Go through the entries and copy every line that has the string "jīng" in it.

Segment Start: RECORDS FOR THE EXERCISE

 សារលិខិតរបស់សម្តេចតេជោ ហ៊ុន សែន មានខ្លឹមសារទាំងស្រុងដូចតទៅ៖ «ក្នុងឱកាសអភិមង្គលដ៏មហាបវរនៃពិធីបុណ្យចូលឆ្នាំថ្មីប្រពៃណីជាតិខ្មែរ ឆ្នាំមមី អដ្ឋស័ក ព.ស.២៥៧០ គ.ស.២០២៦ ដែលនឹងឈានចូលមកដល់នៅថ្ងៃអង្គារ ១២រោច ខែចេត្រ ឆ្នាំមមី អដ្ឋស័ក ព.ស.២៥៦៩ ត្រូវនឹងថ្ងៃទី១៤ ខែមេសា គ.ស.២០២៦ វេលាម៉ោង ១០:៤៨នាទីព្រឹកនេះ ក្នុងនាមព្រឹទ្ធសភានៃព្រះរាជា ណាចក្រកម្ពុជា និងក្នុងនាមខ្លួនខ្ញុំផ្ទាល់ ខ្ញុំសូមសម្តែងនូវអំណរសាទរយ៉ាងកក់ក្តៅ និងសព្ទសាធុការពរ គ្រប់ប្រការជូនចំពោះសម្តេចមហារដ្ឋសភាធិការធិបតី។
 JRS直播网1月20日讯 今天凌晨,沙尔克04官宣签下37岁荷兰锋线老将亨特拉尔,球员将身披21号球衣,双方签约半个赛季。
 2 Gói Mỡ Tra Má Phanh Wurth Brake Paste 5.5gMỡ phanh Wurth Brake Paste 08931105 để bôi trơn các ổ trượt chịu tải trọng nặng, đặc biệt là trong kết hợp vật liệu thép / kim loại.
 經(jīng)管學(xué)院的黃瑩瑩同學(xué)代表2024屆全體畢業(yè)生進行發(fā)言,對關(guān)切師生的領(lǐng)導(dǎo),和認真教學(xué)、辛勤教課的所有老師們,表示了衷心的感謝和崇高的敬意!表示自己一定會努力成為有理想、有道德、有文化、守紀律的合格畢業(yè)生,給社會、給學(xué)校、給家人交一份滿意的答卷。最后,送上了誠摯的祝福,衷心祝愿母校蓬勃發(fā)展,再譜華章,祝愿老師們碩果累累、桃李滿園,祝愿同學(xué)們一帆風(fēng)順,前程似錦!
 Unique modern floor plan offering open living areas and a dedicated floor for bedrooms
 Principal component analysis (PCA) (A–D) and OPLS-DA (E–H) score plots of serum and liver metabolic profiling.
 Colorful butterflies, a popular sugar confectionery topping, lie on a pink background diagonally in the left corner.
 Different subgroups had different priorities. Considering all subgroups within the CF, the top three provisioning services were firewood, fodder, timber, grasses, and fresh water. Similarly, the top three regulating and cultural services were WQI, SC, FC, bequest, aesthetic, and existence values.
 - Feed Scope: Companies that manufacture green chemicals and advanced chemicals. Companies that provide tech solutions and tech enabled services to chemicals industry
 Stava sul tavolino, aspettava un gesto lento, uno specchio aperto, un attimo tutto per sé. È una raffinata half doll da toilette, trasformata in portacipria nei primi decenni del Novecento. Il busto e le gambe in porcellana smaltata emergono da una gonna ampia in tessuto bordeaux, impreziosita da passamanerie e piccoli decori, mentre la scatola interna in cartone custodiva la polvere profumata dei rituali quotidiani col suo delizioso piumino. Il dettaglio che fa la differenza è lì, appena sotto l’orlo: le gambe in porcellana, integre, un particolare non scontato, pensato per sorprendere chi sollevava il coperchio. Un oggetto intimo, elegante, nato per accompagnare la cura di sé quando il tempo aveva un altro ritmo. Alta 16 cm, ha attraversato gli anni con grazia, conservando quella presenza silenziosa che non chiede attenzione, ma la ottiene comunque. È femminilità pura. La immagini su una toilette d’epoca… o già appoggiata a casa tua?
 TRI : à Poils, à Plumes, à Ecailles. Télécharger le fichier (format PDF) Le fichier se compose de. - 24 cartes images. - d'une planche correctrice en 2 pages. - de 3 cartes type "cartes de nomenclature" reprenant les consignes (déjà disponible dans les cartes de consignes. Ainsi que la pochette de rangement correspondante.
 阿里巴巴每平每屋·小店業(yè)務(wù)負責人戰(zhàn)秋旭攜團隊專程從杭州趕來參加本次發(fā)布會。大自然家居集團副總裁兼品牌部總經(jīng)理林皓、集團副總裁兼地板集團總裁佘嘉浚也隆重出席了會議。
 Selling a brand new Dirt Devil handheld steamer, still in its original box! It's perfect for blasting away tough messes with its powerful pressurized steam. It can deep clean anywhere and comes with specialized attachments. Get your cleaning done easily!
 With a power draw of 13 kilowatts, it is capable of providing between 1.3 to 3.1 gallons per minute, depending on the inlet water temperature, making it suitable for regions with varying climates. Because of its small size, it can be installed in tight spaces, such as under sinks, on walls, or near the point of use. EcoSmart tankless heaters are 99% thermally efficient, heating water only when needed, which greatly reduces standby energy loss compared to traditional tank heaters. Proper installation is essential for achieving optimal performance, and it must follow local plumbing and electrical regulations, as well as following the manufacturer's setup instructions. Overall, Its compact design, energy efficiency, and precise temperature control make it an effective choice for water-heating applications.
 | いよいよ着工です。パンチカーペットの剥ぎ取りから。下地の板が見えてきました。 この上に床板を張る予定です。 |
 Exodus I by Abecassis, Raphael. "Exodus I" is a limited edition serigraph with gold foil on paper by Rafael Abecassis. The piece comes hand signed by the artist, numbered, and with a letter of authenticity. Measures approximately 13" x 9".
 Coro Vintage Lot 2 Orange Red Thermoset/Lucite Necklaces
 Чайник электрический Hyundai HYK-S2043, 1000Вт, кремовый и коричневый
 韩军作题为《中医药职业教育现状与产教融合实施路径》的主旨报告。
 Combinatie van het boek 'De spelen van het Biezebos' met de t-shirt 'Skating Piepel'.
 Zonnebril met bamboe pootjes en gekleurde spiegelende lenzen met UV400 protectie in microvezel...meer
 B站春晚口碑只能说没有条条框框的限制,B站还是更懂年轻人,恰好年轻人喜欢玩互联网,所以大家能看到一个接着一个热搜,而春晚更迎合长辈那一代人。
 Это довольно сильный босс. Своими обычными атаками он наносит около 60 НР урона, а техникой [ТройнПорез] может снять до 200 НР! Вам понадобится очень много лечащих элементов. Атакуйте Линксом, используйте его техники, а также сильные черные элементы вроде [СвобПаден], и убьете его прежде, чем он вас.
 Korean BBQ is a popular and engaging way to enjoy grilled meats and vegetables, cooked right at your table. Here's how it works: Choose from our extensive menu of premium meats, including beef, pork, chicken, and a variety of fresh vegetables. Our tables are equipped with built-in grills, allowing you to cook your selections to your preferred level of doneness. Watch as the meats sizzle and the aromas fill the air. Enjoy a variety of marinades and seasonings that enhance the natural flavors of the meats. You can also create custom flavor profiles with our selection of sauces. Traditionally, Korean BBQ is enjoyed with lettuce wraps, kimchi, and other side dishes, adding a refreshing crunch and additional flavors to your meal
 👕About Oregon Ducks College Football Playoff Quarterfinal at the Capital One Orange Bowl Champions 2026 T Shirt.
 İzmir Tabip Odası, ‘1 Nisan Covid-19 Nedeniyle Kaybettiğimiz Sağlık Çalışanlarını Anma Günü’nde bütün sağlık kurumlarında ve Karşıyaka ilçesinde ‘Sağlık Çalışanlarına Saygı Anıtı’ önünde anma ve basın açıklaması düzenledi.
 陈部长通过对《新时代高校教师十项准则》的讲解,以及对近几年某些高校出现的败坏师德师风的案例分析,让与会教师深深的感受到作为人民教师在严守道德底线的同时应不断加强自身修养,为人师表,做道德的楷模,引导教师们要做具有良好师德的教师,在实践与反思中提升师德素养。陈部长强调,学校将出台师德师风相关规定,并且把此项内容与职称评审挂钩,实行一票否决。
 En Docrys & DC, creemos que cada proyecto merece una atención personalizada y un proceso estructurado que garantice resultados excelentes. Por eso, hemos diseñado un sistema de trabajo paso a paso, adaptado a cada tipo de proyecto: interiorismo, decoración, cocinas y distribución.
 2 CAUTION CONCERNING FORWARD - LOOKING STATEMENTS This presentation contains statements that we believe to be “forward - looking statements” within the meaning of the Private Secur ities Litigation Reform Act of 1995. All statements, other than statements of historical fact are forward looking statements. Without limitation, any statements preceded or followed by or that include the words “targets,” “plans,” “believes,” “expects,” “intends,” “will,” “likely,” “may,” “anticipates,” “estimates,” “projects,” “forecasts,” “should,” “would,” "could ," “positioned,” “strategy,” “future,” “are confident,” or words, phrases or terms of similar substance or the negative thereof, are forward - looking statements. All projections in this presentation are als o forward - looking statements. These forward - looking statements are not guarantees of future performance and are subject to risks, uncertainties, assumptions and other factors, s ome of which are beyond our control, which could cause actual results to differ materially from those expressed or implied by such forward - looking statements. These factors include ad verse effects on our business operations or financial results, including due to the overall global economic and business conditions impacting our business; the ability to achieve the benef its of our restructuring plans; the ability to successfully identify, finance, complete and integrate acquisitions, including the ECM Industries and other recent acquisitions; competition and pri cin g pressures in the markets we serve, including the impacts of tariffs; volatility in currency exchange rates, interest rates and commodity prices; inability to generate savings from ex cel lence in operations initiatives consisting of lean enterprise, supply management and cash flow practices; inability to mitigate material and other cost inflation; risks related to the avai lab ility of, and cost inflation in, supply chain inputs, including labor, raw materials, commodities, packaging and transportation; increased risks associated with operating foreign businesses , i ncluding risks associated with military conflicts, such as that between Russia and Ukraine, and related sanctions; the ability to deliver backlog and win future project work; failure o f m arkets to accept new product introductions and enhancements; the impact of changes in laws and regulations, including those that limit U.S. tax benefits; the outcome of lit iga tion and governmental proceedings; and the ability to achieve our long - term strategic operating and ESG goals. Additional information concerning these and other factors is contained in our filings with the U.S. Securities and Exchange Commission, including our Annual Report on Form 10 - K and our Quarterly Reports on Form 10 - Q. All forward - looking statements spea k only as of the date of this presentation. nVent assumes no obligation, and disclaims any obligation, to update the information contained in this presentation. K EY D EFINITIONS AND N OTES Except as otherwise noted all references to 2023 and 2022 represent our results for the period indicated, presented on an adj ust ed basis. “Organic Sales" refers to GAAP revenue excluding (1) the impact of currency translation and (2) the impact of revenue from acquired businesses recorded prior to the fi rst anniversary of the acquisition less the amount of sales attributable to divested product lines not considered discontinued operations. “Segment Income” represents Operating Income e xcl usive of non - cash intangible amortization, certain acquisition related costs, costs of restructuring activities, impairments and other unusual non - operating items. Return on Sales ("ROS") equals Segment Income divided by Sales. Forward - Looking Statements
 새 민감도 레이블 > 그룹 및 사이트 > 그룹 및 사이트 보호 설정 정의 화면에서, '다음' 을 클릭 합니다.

Segment End: RECORDS FOR THE EXERCISE

- [SOLUTION TO THIS TASK]
 經(jīng)管學(xué)院的黃瑩瑩同學(xué)代表2024屆全體畢業(yè)生進行發(fā)言,對關(guān)切師生的領(lǐng)導(dǎo),和認真教學(xué)、辛勤教課的所有老師們,表示了衷心的感謝和崇高的敬意!表示自己一定會努力成為有理想、有道德、有文化、守紀律的合格畢業(yè)生,給社會、給學(xué)校、給家人交一份滿意的答卷。最后,送上了誠摯的祝福,衷心祝愿母校蓬勃發(fā)展,再譜華章,祝愿老師們碩果累累、桃李滿園,祝愿同學(xué)們一帆風(fēng)順,前程似錦!
 阿里巴巴每平每屋·小店業(yè)務(wù)負責人戰(zhàn)秋旭攜團隊專程從杭州趕來參加本次發(fā)布會。大自然家居集團副總裁兼品牌部總經(jīng)理林皓、集團副總裁兼地板集團總裁佘嘉浚也隆重出席了會議。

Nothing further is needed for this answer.